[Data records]
● ● ● ● ●
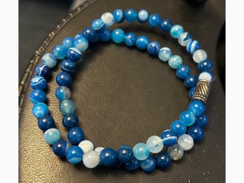 Armband med blå pärlor gummiband dubbel
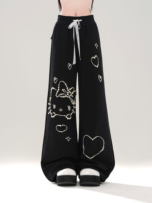 Young Eyes Electronic Kitty Black Gray Elastic Waist Sweatpants
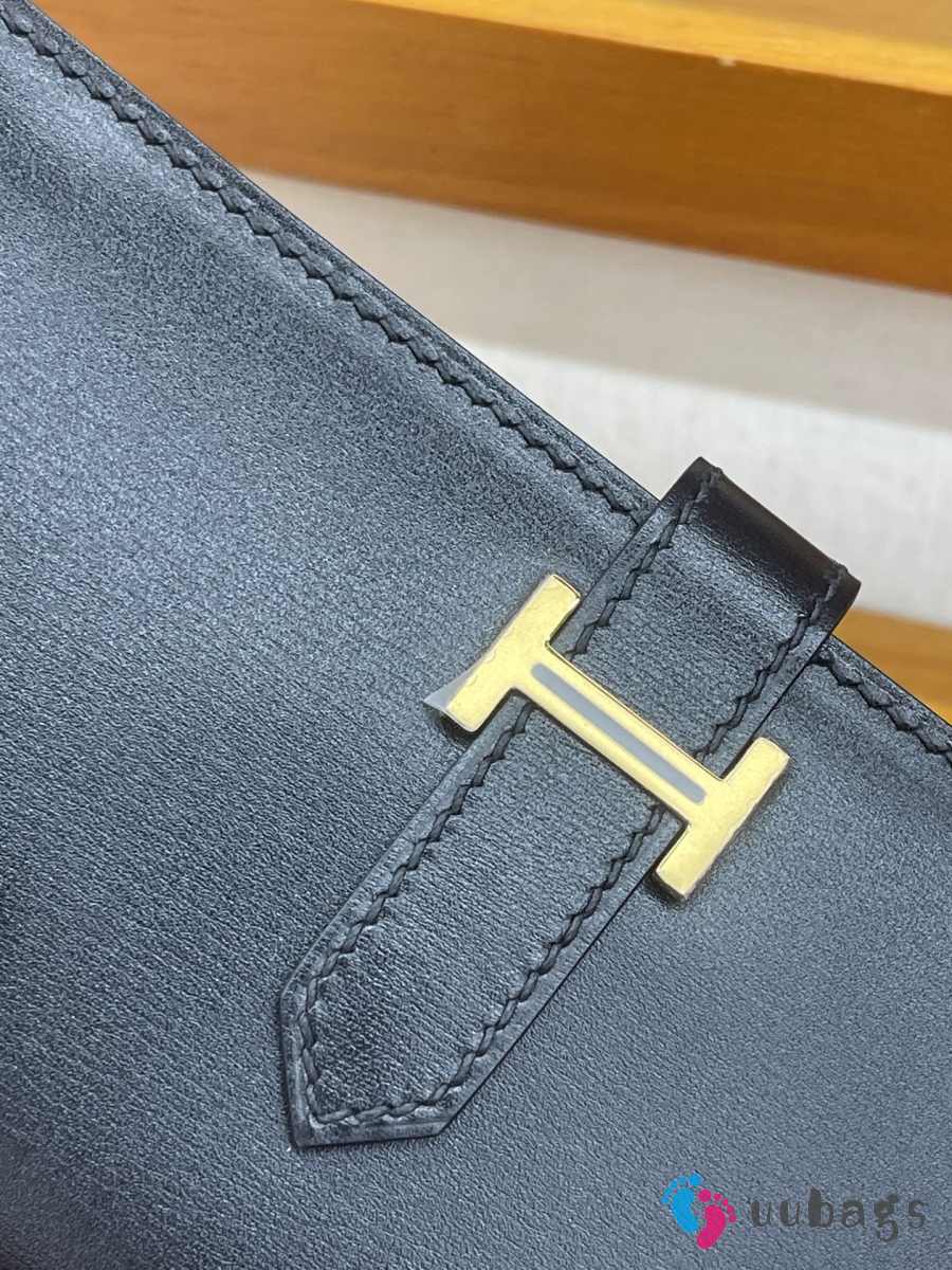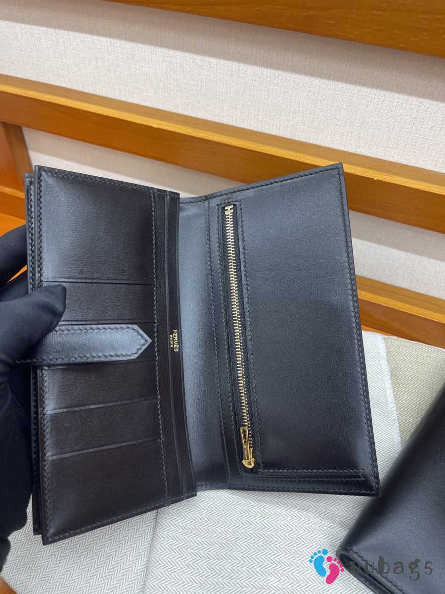 Uubags Hermes Bearn monochrome wallet in black with gold buckle 17.5x9x0.5cm
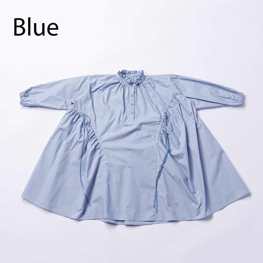 フロントには小さめのボタンが並び、スタンドフリルカラーが女性らしさをプラスします。サイドのギャザーは調節可能なドローストリング仕様で、シルエットの変化を楽しめます。袖口にはゴムが入っており、ふんわりとしたボリューム感がポイント。
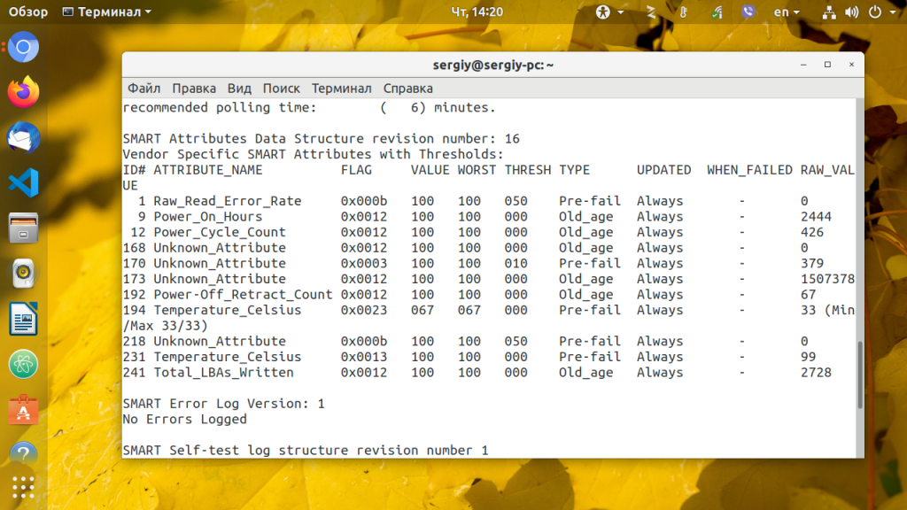 Следующая вещь которую можно посмотреть, когда выполняется диагностика HDD в linux, это таблица SMART атрибутов.
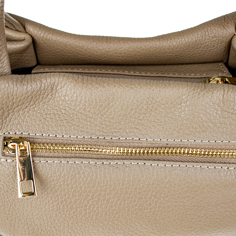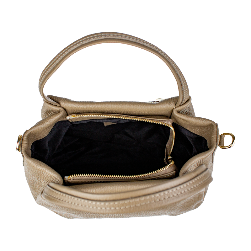 Elegantní a praktická hnědá kabelka nositelná cross-body (křížem) nebo v ruce. Tato kožená kabelka je uzavíratelná na zip. Uvnitř kabelky najdeme na boční stěně kapsu na zip a přihrádky pro mobil či klíče. Hloubka jejího dna je 13 cm. Kabelka má navíc nastavitelný popruh s maximální délkou cca 120 cm.
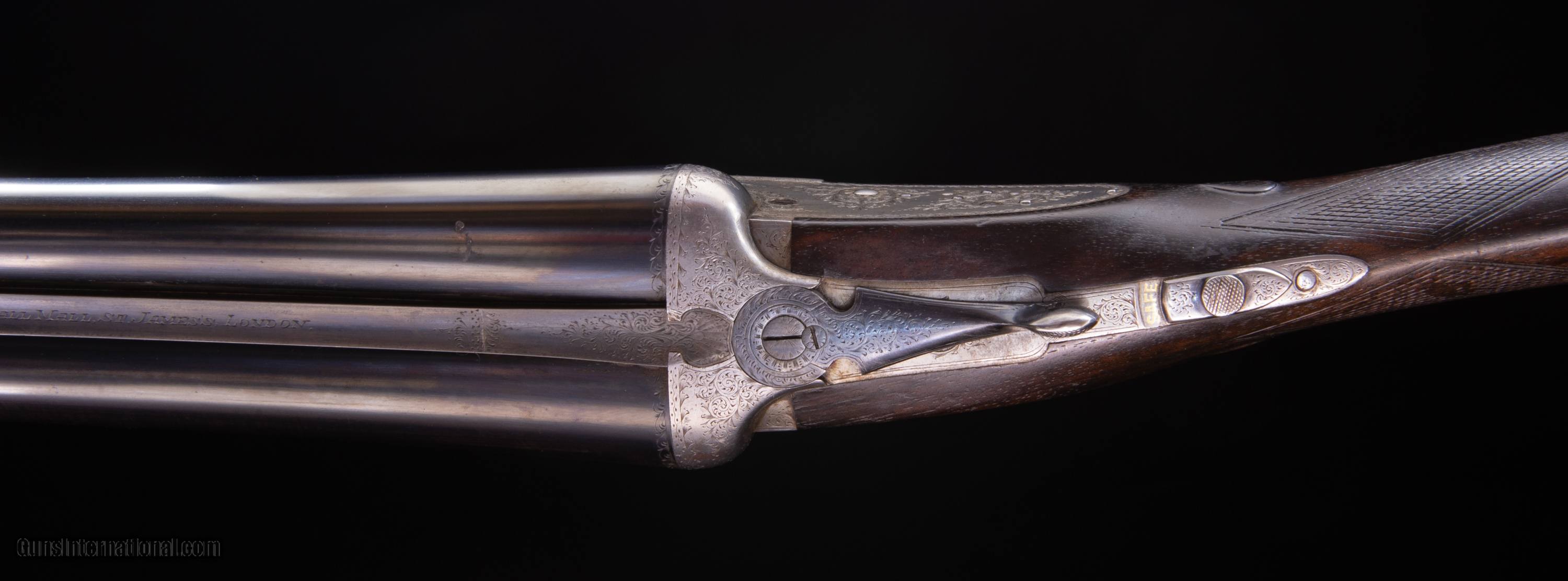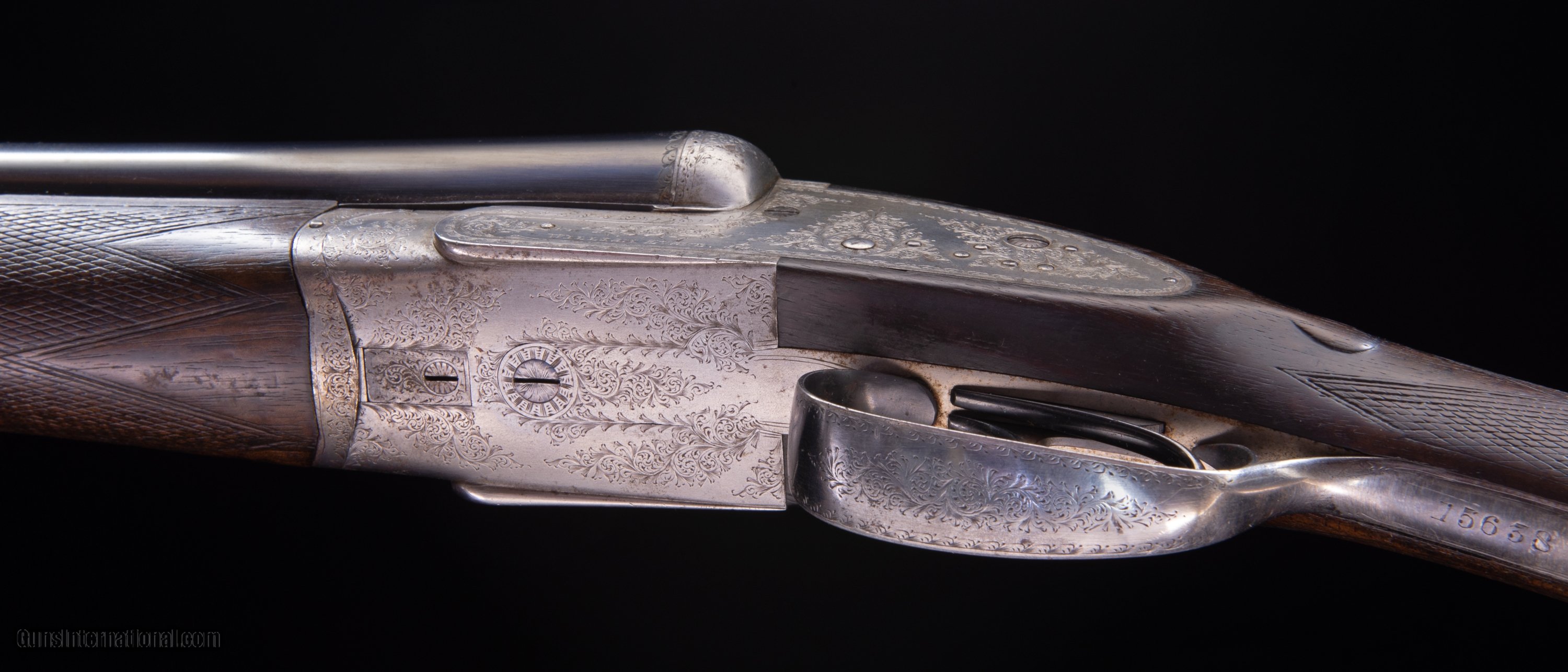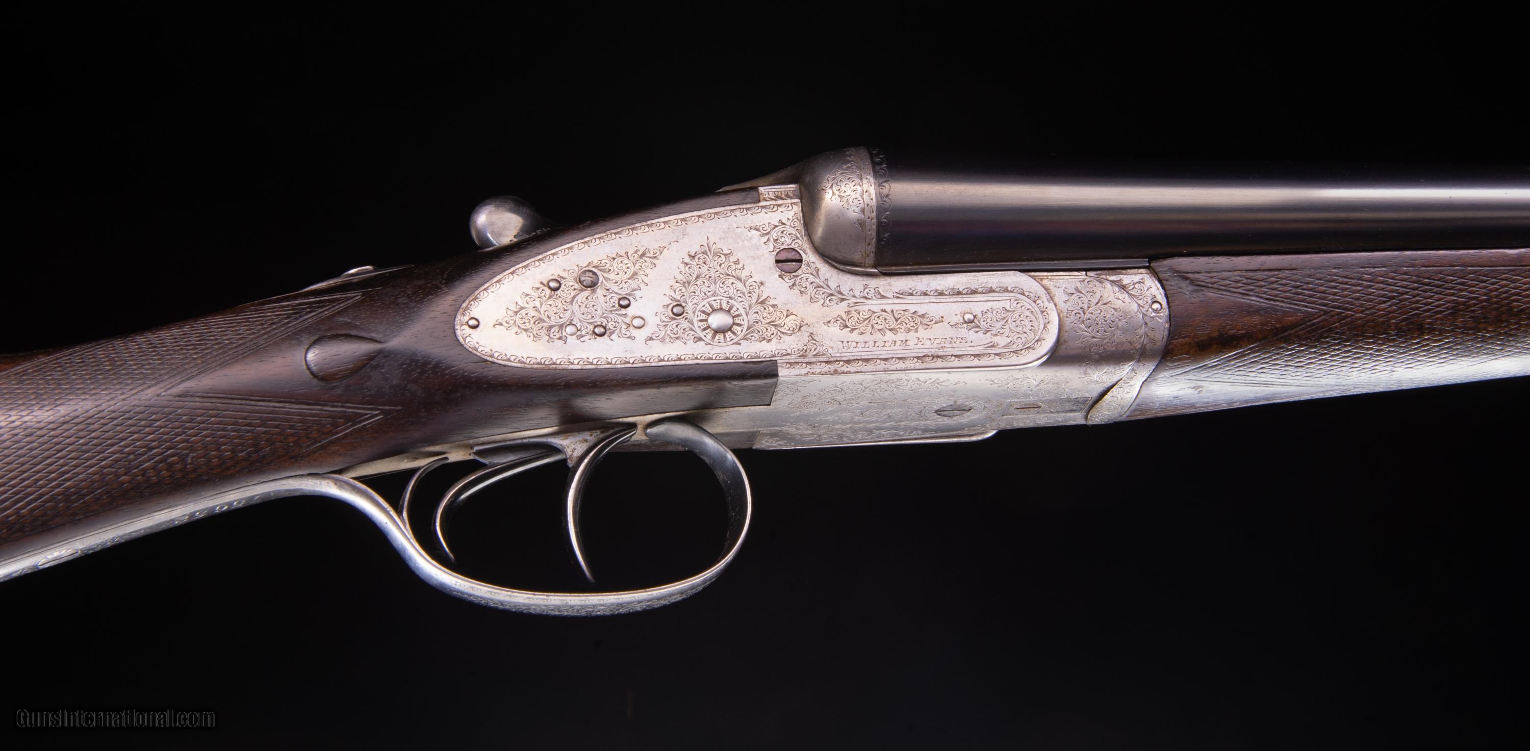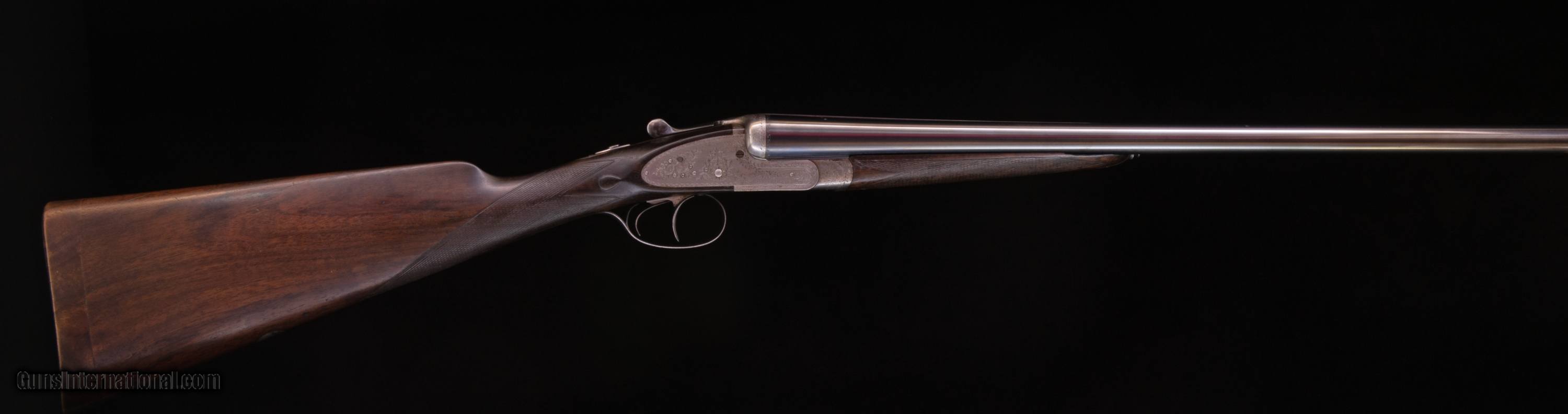 Description: Hammerless Sidelocks - If you can use these stock dimensions this is a bargain! *** Note: To see this gun with high resolution photos and a zoom-in feature, go to the vintagedoubles main site and search for the gun ID: 4814 or browse the main site to see our full gun collection. SOLD Manufacturer: William Evans Sidelock with a cross over stock ~ Built for the right shoulder but to line up with the left eye Model: None Serial Number: 15638 Ejectors: Yes Barrels: 28 Barrel Type: Steel Action: Side lock ejector Gauge Info: 12 gauge Stock Comb: 1 3/8" - 3/4&qu Stock Heel: 2 7/16 Stock Cast: 1 3/16 LOP: 15 7/8" (14 3/4 Weight: 6 lbs. 11 oz. Choke Left: .029 full Choke Right: .029 full Proof:Nitro: 2 1/2 Minimum Wall Thickness Left: .030 Minimum Wall Thickness Right: .026 |
● ● ● ● ●
Start at the line containing "フロントには小さめのボタンが" above and stop at the line containing "Elegantní a praktická". Output those lines exactly, both included, but none of the pictures.

* [Solved problem]:
 フロントには小さめのボタンが並び、スタンドフリルカラーが女性らしさをプラスします。サイドのギャザーは調節可能なドローストリング仕様で、シルエットの変化を楽しめます。袖口にはゴムが入っており、ふんわりとしたボリューム感がポイント。
 Следующая вещь которую можно посмотреть, когда выполняется диагностика HDD в linux, это таблица SMART атрибутов.
 Elegantní a praktická hnědá kabelka nositelná cross-body (křížem) nebo v ruce. Tato kožená kabelka je uzavíratelná na zip. Uvnitř kabelky najdeme na boční stěně kapsu na zip a přihrádky pro mobil či klíče. Hloubka jejího dna je 13 cm. Kabelka má navíc nastavitelný popruh s maximální délkou cca 120 cm.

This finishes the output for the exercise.